The game starts off with protagonist Jason Fleming’s girlfriend Clare being kidnapped, bringing Jason to the heart of the jungle where he must infiltrate a mysterious military base – a shadowy complex, even – and rescue her. The demo I played began with my landing in said jungle, where I was to find my climbing gear that would allow me to grab hard to reach ledges. The climbing gear is the first of 18 upgrades you’ll unlock over the course of the game, including a full suit of armor and in pure Metroid form an ice-beam-esque “foam gun” that can create temporary staircases and makeshift cover. This was all set against lush, detailed 3D jungle environments, shown off by Jason’s ability to explore his surroundings with a flashlight aimed in any direction with h the right analogue stick.
I soon came upon a military complex, but the door was locked, so I had to hide in an underground maintenance tunnel until my adversaries arrived with Clare captive and in tow. After they made their way through the door, it was left unlocked, so I entered it posthaste. Upon entering the complex, I encountered my first security camera. Since it’s a 2D side-scroller, I couldn’t sneak past or around it Solid Snake-style, but instead I had to learn the importance of the sprint maneuver. I had to run for dear life, hopping over obstacles like crazy; once that alarm goes off, players have to find a safe hiding place to lay low until it dies down. Eventually I came upon an air vent, and in here my flashlight came in handy to illuminate my path.
Soon after I encountered the first combat scenario when I dropped into a room with several guards. There were boxes I ducked behind for cover, and then I unleashed my gunfire. The shooting was handled with the right analogue stick and very precision-based, and it gave the combat the stop-and-pop feel of a 3D shooter – say, for example, like Uncharted. After taking out a few guards with my gun, I got the chance to test out the melee combat, and it proved to be quite spectacular. As I laid waste to my enemies it was all portrayed in full 3D, although it was a little jarring at first when it switched back into 2D, given that I now knew about the hidden third dimension just waiting to pounce again, but this is in no way a bad thing; it just took a little getting used to after decades of 2D gaming that stayed strictly 2D.
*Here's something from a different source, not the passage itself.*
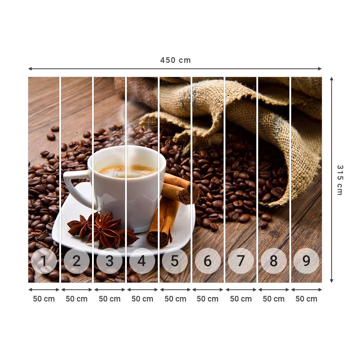 Fototapet Standard Eco - Rotsmak och -arom - Gastronomi, Kaffe, Kanel - 450x315 cm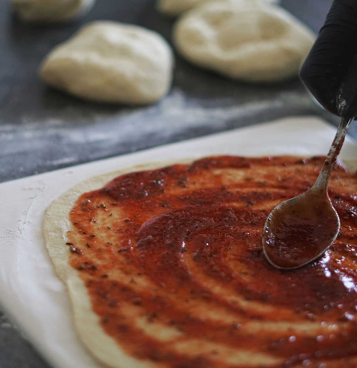 When your sauce and dough are ready, you are ready to put together your pizza. There are a couple of things that will ensure you make the best pizza. First, preheat your oven to 500°F – pizza requires a really hot oven. Next grease your pizza pan or sheet pan and dust with some cornmeal. Stretch the dough onto the greased pan (do not use a rolling pin) and allow the dough to rest in the pan once stretched for 30 minutes before you dress it. Finally add a thin layer of sauce, allowing it to rest in the dips and valleys created by stretching the dough.

The Metroid formula is a classic, and it’s gone a long way towards reinvigorating the Castlevania franchise, so it’s surprising that developers haven’t tried to borrow from it more often. By combining 2D gameplay with a 3D aesthetic and other aspects of 3D shooters, Shadow Complex is the embodiment of a “I can’t believe no-one thought of it before” idea that makes the world take notice. On the other hand, an exploration-heavy game like Shadow Complex will live or die based on its level design, something that was hard to gage from a meager eight-minute demo, especially when the full game is estimated to be between 10 and 14 hours long. Nonetheless, based on my time with it, Shadow Complex has all the assets to be one of the biggest surprise hits of the year.
We’ll find out for sure when it releases later this summer on Xbox Live Arcade.